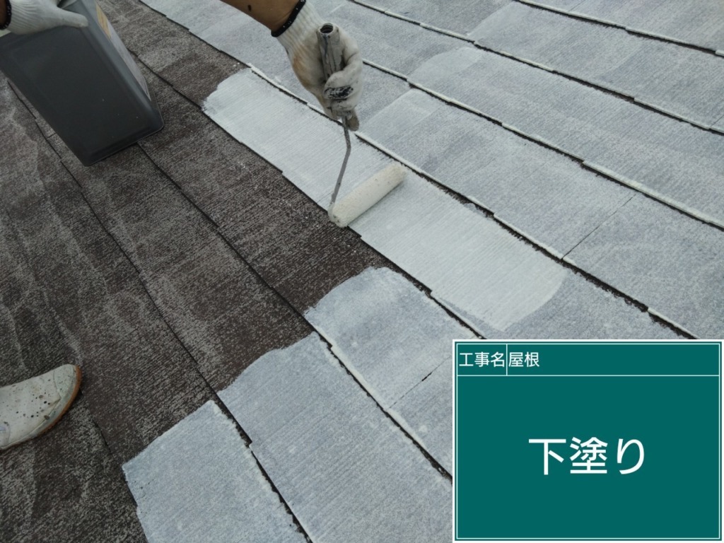 屋根塗装下塗り(サーモアイシーラー)を塗っていきます。
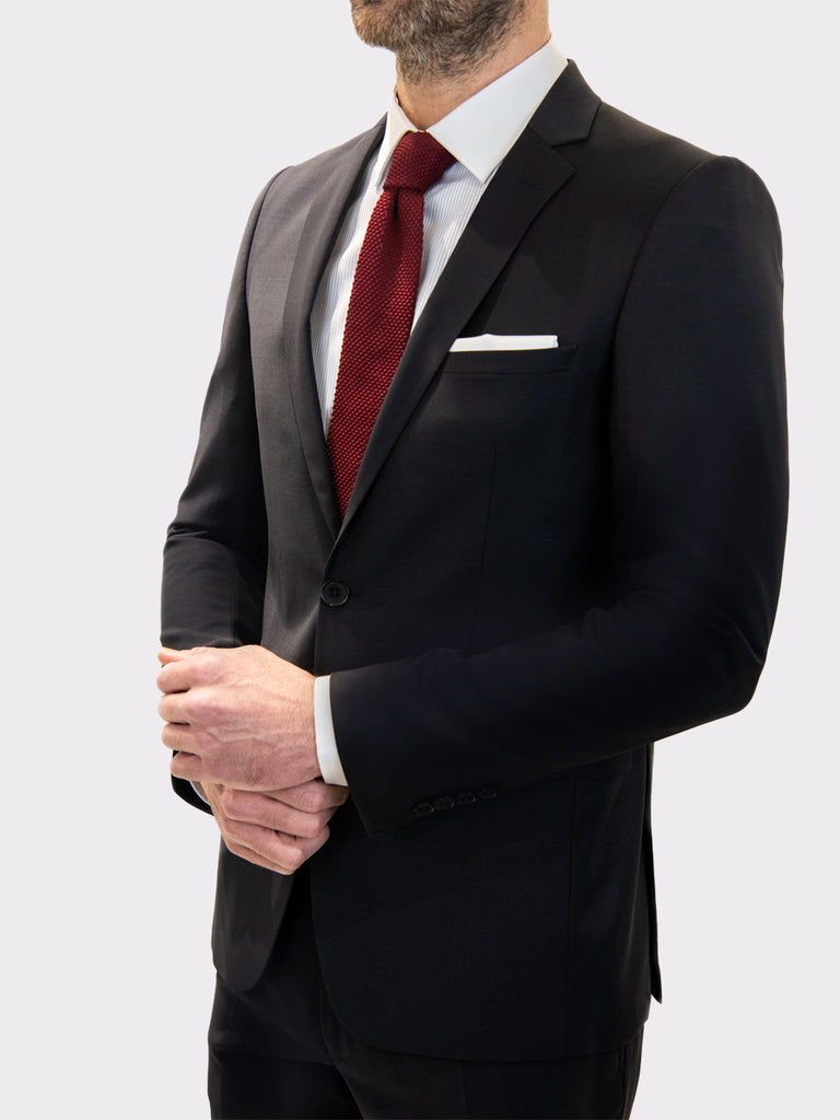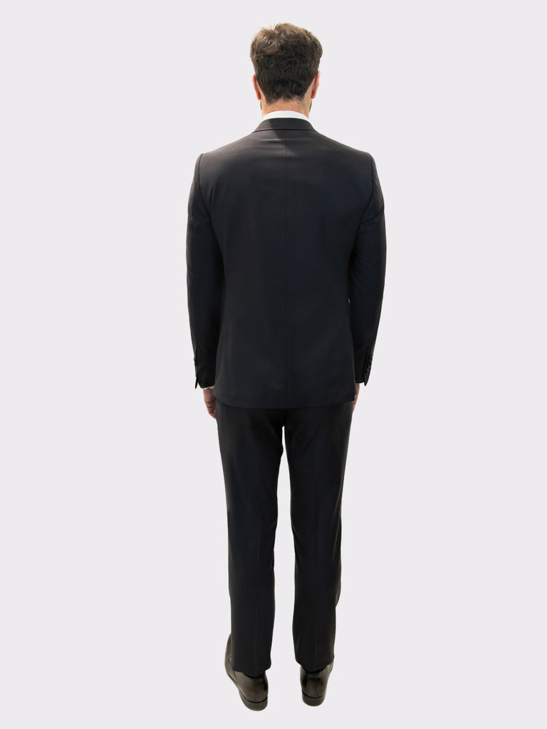 Costume uni noir / Veste 2 boutons, col tailleur, 2 poches rabats, 2 fentes dos / Pantalon poches italiennes, bas à 18 cm, 100% laine.
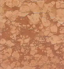 É una rocha calcária nodular que se pode polir. Contém fósseis de amonites e belemnites e apresenta-se geologicamente em estratos das formações denominadas Rosso Ammonitico Veronese ou Scaglia rossa.
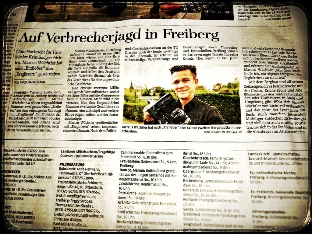 Mit ein wenig delay haben wir es mal wieder in die Freie Presse geschafft. Vielen Dank an die Journalisten in Freiberg. In #Erzglitzern folgen wir der jungen Praxishilfe Ariane bei ihrem unfreiwilligen Zusammentreffen mit finsteren Verbrechern. Ariane versucht, das Verschwinden eines Mineraliensammerlers im wunscherschönen Erzgebirge aufzuklären.
#####
▸ Problem statement
Word for word, print all of the data; skip the pictures.

▸ Result of the exercise
 屋根塗装下塗り(サーモアイシーラー)を塗っていきます。
 Costume uni noir / Veste 2 boutons, col tailleur, 2 poches rabats, 2 fentes dos / Pantalon poches italiennes, bas à 18 cm, 100% laine.
 É una rocha calcária nodular que se pode polir. Contém fósseis de amonites e belemnites e apresenta-se geologicamente em estratos das formações denominadas Rosso Ammonitico Veronese ou Scaglia rossa.
 Mit ein wenig delay haben wir es mal wieder in die Freie Presse geschafft. Vielen Dank an die Journalisten in Freiberg. In #Erzglitzern folgen wir der jungen Praxishilfe Ariane bei ihrem unfreiwilligen Zusammentreffen mit finsteren Verbrechern. Ariane versucht, das Verschwinden eines Mineraliensammerlers im wunscherschönen Erzgebirge aufzuklären.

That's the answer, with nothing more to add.